Is Defra really cutting red tape?

PUBLISHED: 17:32 02 May 2008 | UPDATED: 08:24 28 March 2014

MAY 6, 2008: Farmers have given a cool reception to claims by Defra that it is cutting red tape.

Defra's claim to be making significant progress towards its target

of cutting agricultural red tape by 25 per cent is not being borne out

by farmers' experience on the ground, according to a NFU survey.

May 2005, Government departments agreed to reduce the administrative

burden of regulation to businesses in the private sector by publishing

an annual Simplification Plan in a bid to improve the whole regulatory

experience by 2010. However, according to nearly two hundred NFU

members who completed the Red Tape survey, things do not appear to be

getting any better.

77 per cent of respondents felt red tape is
now more demanding than last year while 95 per cent did not agree that
regulation is easy to comply with. This shows the Better Regulation
agenda has to deliver a meaningful impact on business.

98 per cent of NFU members taking part in the survey disagreed that the

Government understands agriculture well enough to regulate and no-one

felt they were now spending less time on form filling and keeping

records compared to this time last year.

NFU members believe regulation concerning double-tagging, sheep ID and transport of livestock to be particularly burdensome.

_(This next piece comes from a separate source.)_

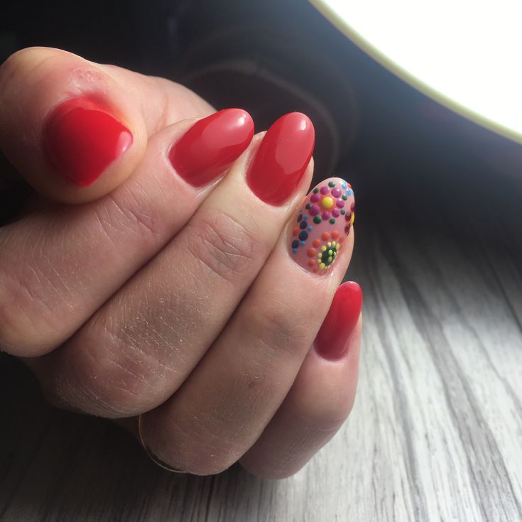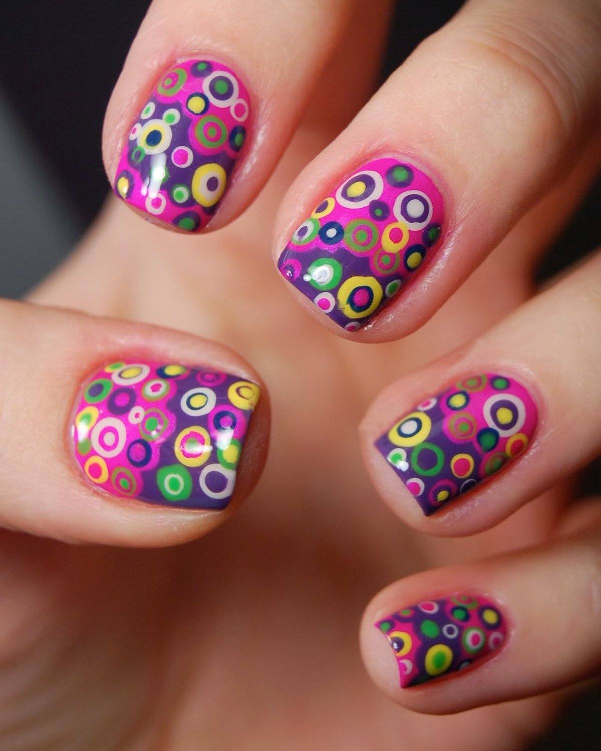 Manucure à pois multicolores

Vice President Paul Temple said: "We appreciate that certain

regulations are necessary, but farmers are now fed up with politicians

claiming they want to cut red tape, when all the time, the demands of

the regulators and the number of inspections is growing. Defra

ministers need to take a reality check and see what is happening out

there on the ground through the eyes of farmers and growers."